Edsel Albert Ammons (February 17, 1924 – December 24, 2010) was an American bishop of the United Methodist Church, elected in 1976.

Birth and family
Ammons was born 17 February 1924 in Chicago, Illinois. He died 24 December 2010.  He is the son of boogie woogie legend Albert Ammons (1907–1949). He is the father of six children:  Marilyn, Edsel, Jr., Carol, Kenneth, Carlton, and singer Lila.  Bishop Ammons is married to Helen Ammons, the former Director of Student Life at Garrett-Evangelical Theological Seminary, Evanston, Illinois.

Education
He was a graduate of Roosevelt University, Chicago, Illinois (B.A., 1948).  He earned his Bachelor of Divinity degree from Garrett-Evangelical Theological Seminary, Evanston, Illinois (1956), and his D.Min. from Chicago Theological Seminary (1975).

Ordained ministry
Ammons was ordained, both deacon and elder, in the African Methodist Episcopal Church (1947 and 1949), pastoring churches of that denomination in Chicago and in Highland Falls, New York.  Edsel was a social case worker for the Department of Welfare of Cook County, Illinois (1951–56).  In 1957, under the influence of Bishop Charles Wesley Brashares, Ammons transferred into the Rock River Annual Conference of the Methodist Church, and was appointed to the Whitfield Methodist Church in Chicago (which became the Ingleside-Whitfield Methodist Parish).  He served this church until 1963, when he became director of urban ministry for the Rockford District.  In 1966, he was appointed to the program staff of the Annual Conference.

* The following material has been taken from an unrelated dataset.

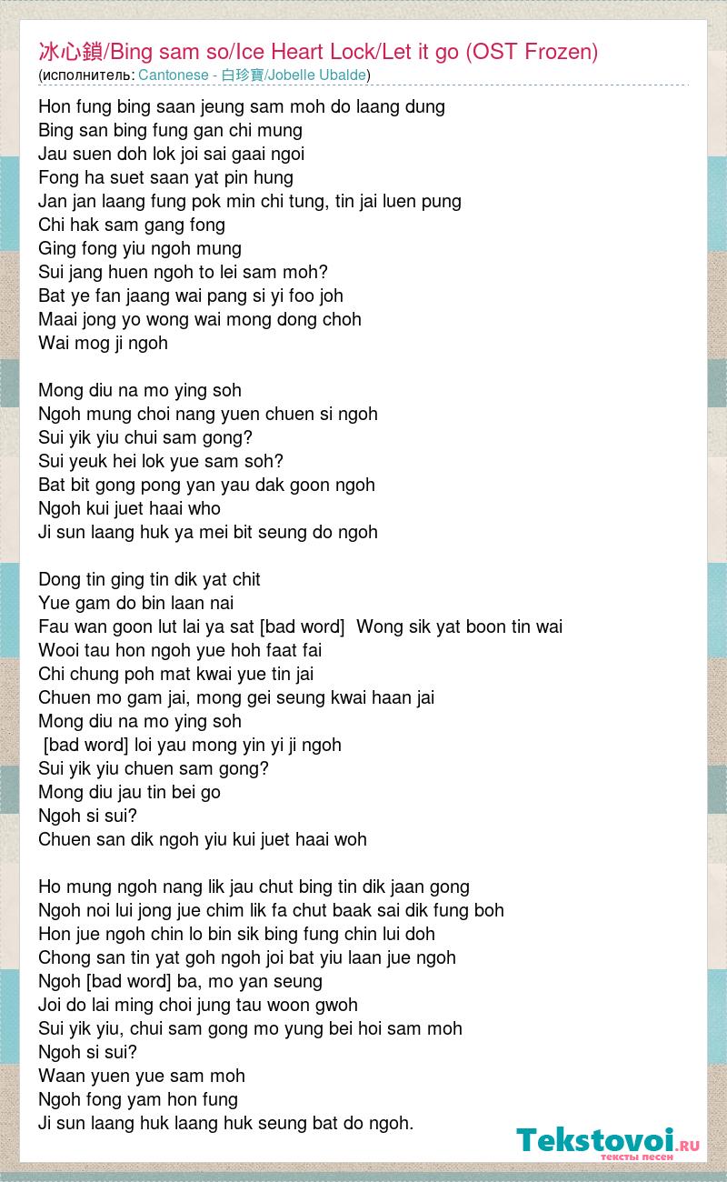 Главная→Исполнители→Cantonese - 白珍寶/Jobelle Ubalde→冰心鎖/Bing sam so/Ice Heart Lock/Let it go (OST Frozen)

Ammons joined the faculty of Garrett Theological Seminary in 1968, remaining in this position until elected to the episcopacy in 1976.

Episcopal ministry
Ammons was elected by the North Central Jurisdictional Conference and assigned to the Michigan Episcopal Area (the Detroit and West Michigan Annual Conferences).  After eight years in Michigan, he was assigned to the Ohio West Area (the West Ohio Conference).

Ammons served as the president of the U.M. General Board of Discipleship (1980–84), the chairperson of the Health and Welfare Program Department (1984–88), and chairperson of the Missionary Personnel and Resources Program Department (1988–92) of the General Board of Global Ministries.

Ammons received honorary degrees from Westmar College (1975), Albion College (1979), Adrian College (1980), Mount Union College (1992) and Chicago Theological Seminary (1992).  In retirement Bishop Ammons served as bishop-in-besidence at Garrett-Evangelical.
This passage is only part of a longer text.